BY FRANK CRAIG
Neil McGee says football has and continues to provide him with a positive distraction from the Covid-19 pandemic.
The Donegal legend (34) shows no sign of slowing up even if he concedes that the road behind him is much longer now than what’s in front of him at this level.
He says it’s been a difficult time on and off the pitch as we all attempt to fend off the threat of the virus. Still, he says he’s glad that football, even in it’s current and precarious state, is lifting spirits.
He accepts there are no guarantees in the coming weeks. The revamped Ulster and All-Ireland series means we’ll see no ‘back door’ and no Super 8s.
McGee says the streamlined nature of that Championship race is exciting and it has the potential, if it can stay on track, to light up everyone’s winter and be the distraction that so many of us need at this most uncertain of moments.
“It could (be brilliant). As long as we get through it without Covid getting in the way. The potential is there for a brilliant Championship.
“It’s tight and it’ll be back to back. The next month or so, we’ll be seeing knockouts, games going to extra-time possibly even penalties. We’ve been forced to mix things up because of Covid but it could mean we’ve some serious drama and excitement. That is the hope any ways.
“There is a massive appetite out there for it to go ahead. You meet people on the road and they’re hoping, just like us, that it offers them something to really get excited about in the next number of weeks.
“I know it’ll be behind closed doors but they still can’t wait to watch it on TV or read about the build-up. It’s a wee distraction. We have the chance too to give the Donegal people a massive lift. There is that incentive as well.”

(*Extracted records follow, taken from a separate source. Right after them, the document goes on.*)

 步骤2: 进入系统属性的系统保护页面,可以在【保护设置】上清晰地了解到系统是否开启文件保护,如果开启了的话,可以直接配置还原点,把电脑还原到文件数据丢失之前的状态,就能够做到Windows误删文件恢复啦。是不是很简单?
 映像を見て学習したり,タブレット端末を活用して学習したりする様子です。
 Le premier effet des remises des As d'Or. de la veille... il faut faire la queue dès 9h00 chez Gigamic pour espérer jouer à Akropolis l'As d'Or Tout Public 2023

Donegal have had their own well documented issue with the virus and a case within the squad recently shut them down for a period of two weeks.
But McGee says the knowhow and the expertise of team doctor Kevin Moran, who is also a part of the GAA’s Covid-19 Advisory Committee, means there is little or no trepidation when ever he packs his gear bag and heads for the Tir Chonaill Training Centre in Convoy.

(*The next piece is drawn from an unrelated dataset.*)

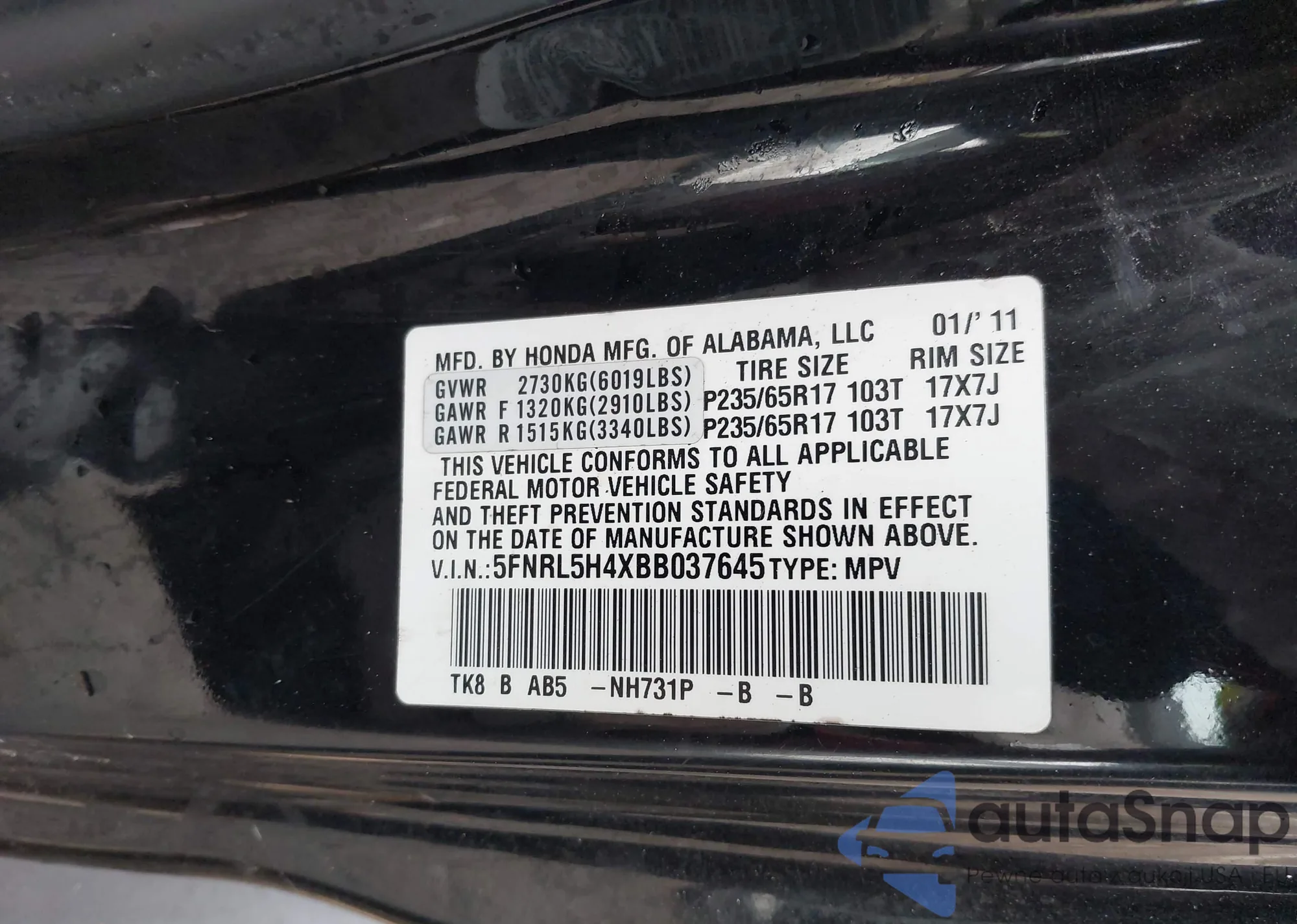 • VIN 5FNRL5H4XBB037645

“Listen, we had our wee scare. It was very unfortunate. To be fair to Kevin and the medical team, they’ve really kept us in the loop with how to go about our business.
“The layout at training now and with how it is all set up, it couldn’t be any safer or any more professional. Kevin has the expertise and he is also a GAA man. So we’re very lucky to have him.
“It gives you peace of mind and it’s comforting to know when you leave the house that all that is being taken care of by Kevin and his team. We go into and leave a very safe environment.”
Meanwhile, the big talking point in GAA in the last week was the sight of former Donegal boss Jim McGuinness putting the Galway footballers through their paces in a leaked online video.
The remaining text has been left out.